Task goal:
Exact copy, no pictures: output each line below as it stands.

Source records
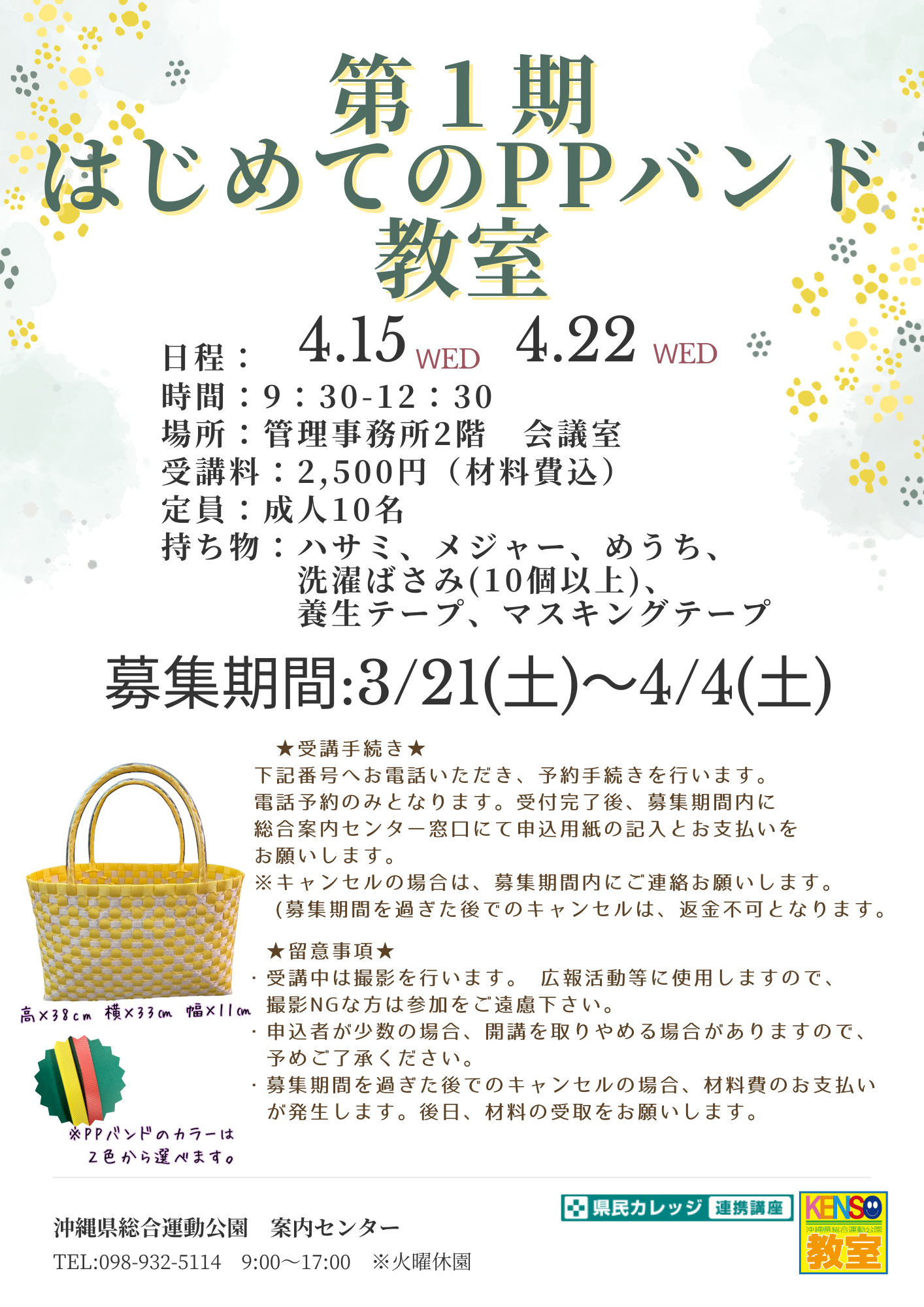 1)日程 毎週水曜日 計2回 9:30~12:30 ①4/15 ②4/22 2)場所 管理事務所 会議室 3)受講料 ¥2,500 【材料費込み】 4)定 員 成人 10名 【先着順】 5)受講手続き 下記番号へお電話いただき申込み後、受付期間内に 案内センターにてお支払いをお願い致します。 案内センター 098-932-5114(9時~17時)火曜休園 7)持ってくるもの ・ハサミ、メジャー、めうち、洗濯ばさみ(10個以上)、養生テープ、マスキングテープ ★受講者の方へ(留意事項) 1)撮影を行います。広報活動に使用しますので撮影NGの方は 参加をご遠慮ください。 2)募集期間を過ぎた後でのキャンセルの場合、材料費のお支払いが発生します。後日、材料の受取をお願いします。 |
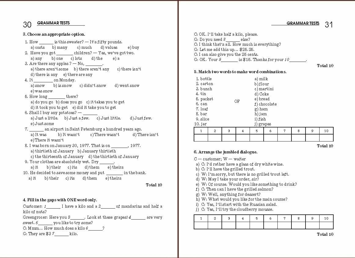 К тестам по грамматике (Grammar Tests) относятся задания на выбор правильного ответа, перевод, исправление ошибок, заполнение пропусков, определение лишнего слова и т. д.
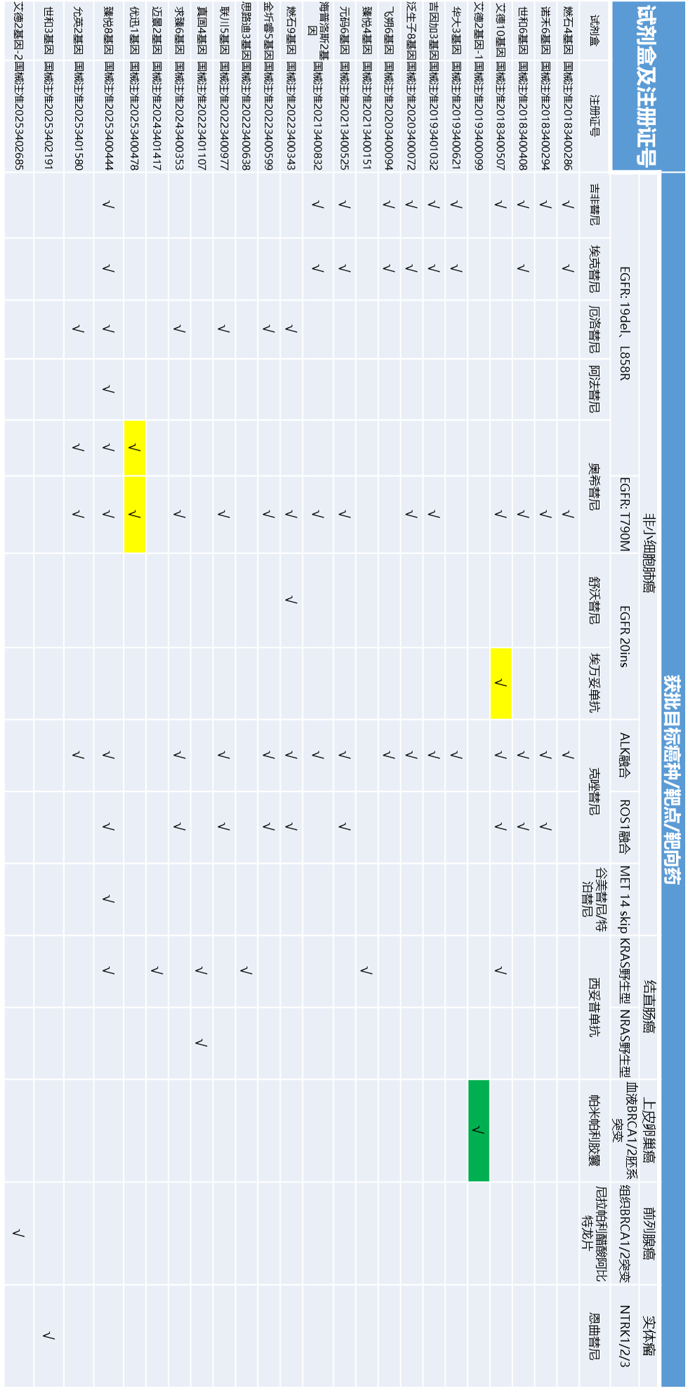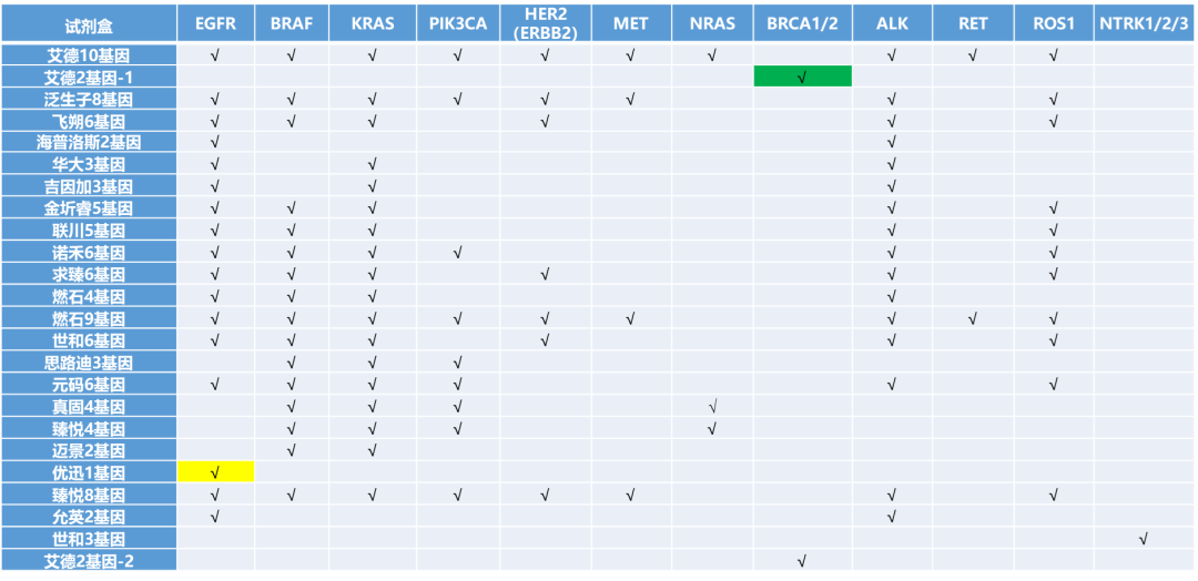 | 图中标黄为血液cfDNA样本(艾德10基因试剂盒组织和cfDNA都有获批,未标),标绿为血液白细胞胚系突变(下同),没标的都是组织样本。1. 真固生物的3基因试剂盒更新,增加了NRAS基因,变为了4基因。同时增加NRAS基因的伴随诊断用途。2. 允英医疗新获批两基因(EGFR/ALK)试剂盒3. 世和基因NTRK1/2/3基因实体瘤泛癌种试剂盒!👍🏻👍🏻👍🏻👍🏻4. 艾德生物BRCA1/2 前列腺癌伴随诊断试剂盒,艾德在2019年已经获批了这两个基因上皮性卵巢癌血液样本的胚系突变的伴随诊断,不知是否是完全相同的panel,这次又拿到了前列腺癌组织样本的伴随诊断!👍🏻👍🏻👍🏻
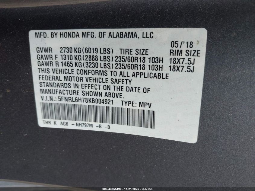 Цвет СерыйЦилиндры 6Привод Передний приводVIN 5FNRL6H78KB004921Состояние СтационарноПовреждения Передняя или задняя AutoRIA
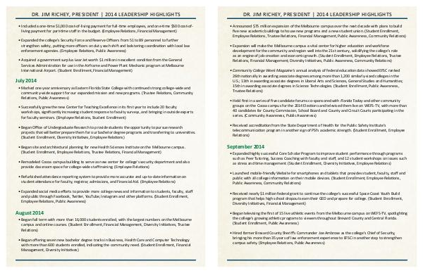 DR. JIM RICHEY, PRESIDENT | 2014 LEADERSHIP HIGHLIGHTS
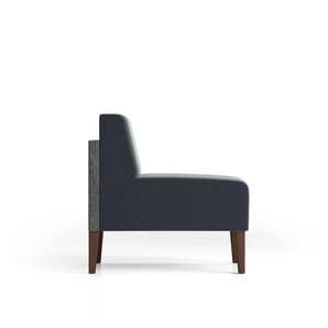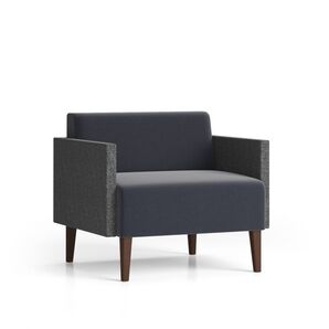 The Luxe collection of lounge seating and tables offers contemporary tuxedo style design with heavy-duty construction for high traffic environments. Legs are available in steel or wood options and chairs have an optional power unit.

Exercise solution:
 1)日程 毎週水曜日 計2回 9:30~12:30 ①4/15 ②4/22 2)場所 管理事務所 会議室 3)受講料 ¥2,500 【材料費込み】 4)定 員 成人 10名 【先着順】 5)受講手続き 下記番号へお電話いただき申込み後、受付期間内に 案内センターにてお支払いをお願い致します。 案内センター 098-932-5114(9時~17時)火曜休園 7)持ってくるもの ・ハサミ、メジャー、めうち、洗濯ばさみ(10個以上)、養生テープ、マスキングテープ ★受講者の方へ(留意事項) 1)撮影を行います。広報活動に使用しますので撮影NGの方は 参加をご遠慮ください。 2)募集期間を過ぎた後でのキャンセルの場合、材料費のお支払いが発生します。後日、材料の受取をお願いします。 |
 К тестам по грамматике (Grammar Tests) относятся задания на выбор правильного ответа, перевод, исправление ошибок, заполнение пропусков, определение лишнего слова и т. д.
 | 图中标黄为血液cfDNA样本(艾德10基因试剂盒组织和cfDNA都有获批,未标),标绿为血液白细胞胚系突变(下同),没标的都是组织样本。1. 真固生物的3基因试剂盒更新,增加了NRAS基因,变为了4基因。同时增加NRAS基因的伴随诊断用途。2. 允英医疗新获批两基因(EGFR/ALK)试剂盒3. 世和基因NTRK1/2/3基因实体瘤泛癌种试剂盒!👍🏻👍🏻👍🏻👍🏻4. 艾德生物BRCA1/2 前列腺癌伴随诊断试剂盒,艾德在2019年已经获批了这两个基因上皮性卵巢癌血液样本的胚系突变的伴随诊断,不知是否是完全相同的panel,这次又拿到了前列腺癌组织样本的伴随诊断!👍🏻👍🏻👍🏻
 Цвет СерыйЦилиндры 6Привод Передний приводVIN 5FNRL6H78KB004921Состояние СтационарноПовреждения Передняя или задняя AutoRIA
 DR. JIM RICHEY, PRESIDENT | 2014 LEADERSHIP HIGHLIGHTS
 The Luxe collection of lounge seating and tables offers contemporary tuxedo style design with heavy-duty construction for high traffic environments. Legs are available in steel or wood options and chairs have an optional power unit.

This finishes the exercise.